In order to gain more perspective on the effectiveness of the Intel Core I7(Nehalem) we will look at previous research which compares its performance to that of other quad-core processors. The paper Performance Evaluation of the Nehalem Quad-core Processor for Scientific Computing compares the performance of the Nehalem to two first-generation quad-core processors, the AMD Opteron 8350 (Barcelona) and the Intel Xeon X7350 (Tigerton). AMD’s Barcelona’s specs include each core having a private 64KB LI cache and a private 512KB L2 cache, and each processor has a shared 2MB L3 cache.

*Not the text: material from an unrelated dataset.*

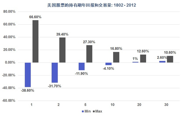 上面這張圖顯示的是美國股票市場在過去200年的回報范圍(扣除通貨膨脹后的真實回報)。在橫軸上你可以看到那些回報范圍被分成了1年,2年,5年一直到30年,也就是說該圖顯示的是在過去200年間的美國,任何1年,2年,5年,一直到30年的股市回報范圍。從圖中我們可以看到,如果一個投資者的投資維度比較短(比如1年),那么他從股市得到的回報會非常難以捉摸。在運氣好的時候,可能一年就能給他高達66%的回報。但如果運氣不好,那么他就可能虧損高達40%左右。

For Intel’s Tigerton Intel gave each core a private 64KB LI cache (32KB data + 32KB instruction), while the two cores on each side share a 4MB L2 cache for a total of 8MB L2 cache.

The following table lists the characteristics of each quad core processor.

The authors of this paper compare each of the processors by using different types of memory intensive applications. The following shows the results of comparing the single-core performance between these architectures.

The graph on the left compares the time it took for one iteration of the test loop to run and shows the results between each processor on each specific application. The graph on the right shows the advantage of Nehalem such that a value of 1.0 means that they have the same performance, and a value of 2 means that there is 2x improvement in performance. From the graph we can conclude that Nehalem is about 1.1x to 1.8x faster than Tigerton and 1.6x to 2.9x faster than Barcelona. It is important to note that even though Nehalem has a clock speed of 2.8GHz which is slower than Tigerton at 2.93GHz, it still performs better in all of the different applications. We can conclude that Nehalem achieves a better performance due to improvements in the design of its memory and cache organization and that therefore in this case clock speed is not the sole predictor of performance or even the most definitive one.